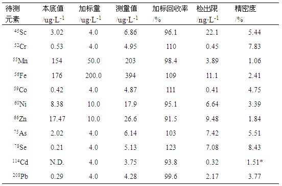 🃏 在仪器优化工作参数条件下,对样品溶液及加标样液进行测试,计算其加标回收率;对样品空白溶液平行测定7次,以三倍空白信号标准偏差/灵敏度对应的浓度为检出限;同时对样品溶液平行测定11次(间隔2min),计算其相对标准偏差,考察精密度,数据见表4。各元素检出限在0.41-22.07ng/L之间,加标回收率在93.82%-123.10%之间,精密度在1.06%-8.43%之间。
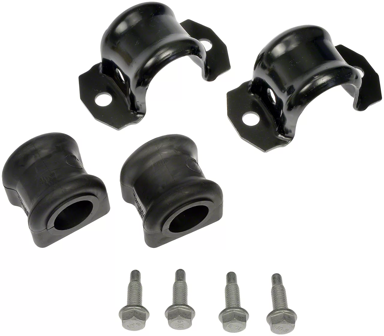 Construction and Appearance. This bracket kit is manufactured using high-quality steel and rubber materials, designed to meet or exceed OEM specifications. The components feature a black finish for a sleek look and enhanced corrosion resistance, ensuring long-lasting reliability. The kit includes a bracket with a 30mm inner diameter, designed to fit seamlessly onto the stabilizer bar.
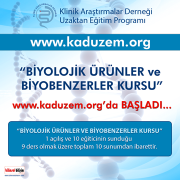 Son yıllarda üzerinde çok şey konuşulan ama az şey bilinen "Biyolojik ajanlar ve Biyobenzerler" konusunda Klinik Araştırmalar Derneği tarafından hazırlanan Uzaktan Eğitim Kursu KADUZEM üzerinde başlıyor..

-=-=-

Output every line above exactly as it stands, and drop any picture.

Response to this task -
 🃏 在仪器优化工作参数条件下,对样品溶液及加标样液进行测试,计算其加标回收率;对样品空白溶液平行测定7次,以三倍空白信号标准偏差/灵敏度对应的浓度为检出限;同时对样品溶液平行测定11次(间隔2min),计算其相对标准偏差,考察精密度,数据见表4。各元素检出限在0.41-22.07ng/L之间,加标回收率在93.82%-123.10%之间,精密度在1.06%-8.43%之间。
 Construction and Appearance. This bracket kit is manufactured using high-quality steel and rubber materials, designed to meet or exceed OEM specifications. The components feature a black finish for a sleek look and enhanced corrosion resistance, ensuring long-lasting reliability. The kit includes a bracket with a 30mm inner diameter, designed to fit seamlessly onto the stabilizer bar.
 Son yıllarda üzerinde çok şey konuşulan ama az şey bilinen "Biyolojik ajanlar ve Biyobenzerler" konusunda Klinik Araştırmalar Derneği tarafından hazırlanan Uzaktan Eğitim Kursu KADUZEM üzerinde başlıyor..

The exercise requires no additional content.